Rural Living Linked to Worse Hospital Outcomes for People with Epilepsy

A large study of more than 841,000 hospital admissions found that people with epilepsy living in the most rural U.S. counties experienced worse hospital outcomes than those living in the most urban areas. Researchers found that patients from the most rural counties had nearly twice the odds of dying during hospitalization, were more likely to arrive at the hospital in status epilepticus (a seizure emergency), and were more likely to have prolonged hospital stays. They were also less likely to receive an EEG or be discharged to rehabilitation or skilled nursing facilities.

Importantly, many of these disparities were reduced or disappeared among patients with private insurance, suggesting that access to healthcare resources and coverage may play a significant role in the differences observed. The findings add to growing evidence that people with epilepsy in rural communities face barriers to specialized neurological care and highlight the need for strategies to improve access, including expanded telehealth services.
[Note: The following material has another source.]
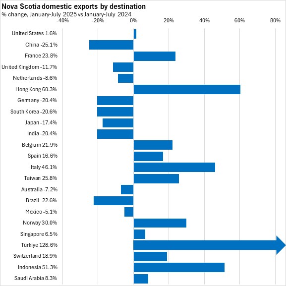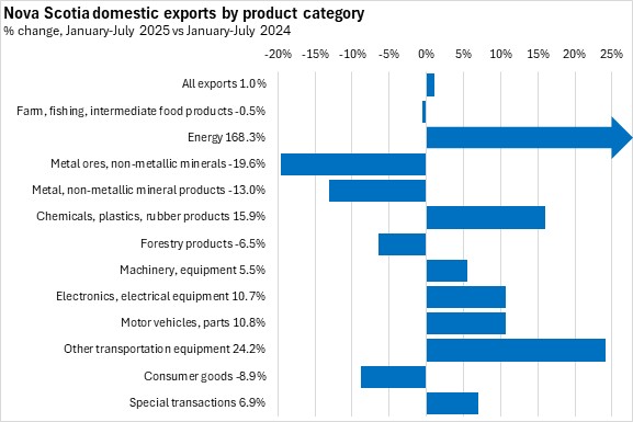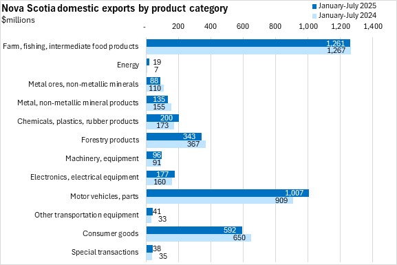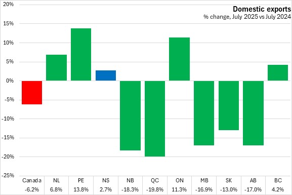 September 04, 2025NOVA SCOTIA INTERNATIONAL GOODS EXPORTS, JULY 2025 Year-over-year (July 2025 vs July 2024, domestic exports on a customs-basis, unadjusted)

The study was observational and cannot determine whether rural residence directly causes poorer outcomes. Researchers were also unable to account for factors such as seizure frequency, medication adherence, or local emergency medical service availability. Because much of the data were collected before telehealth became widely available during the COVID-19 pandemic, future research will be needed to determine whether expanded virtual care can help reduce these rural–urban disparities.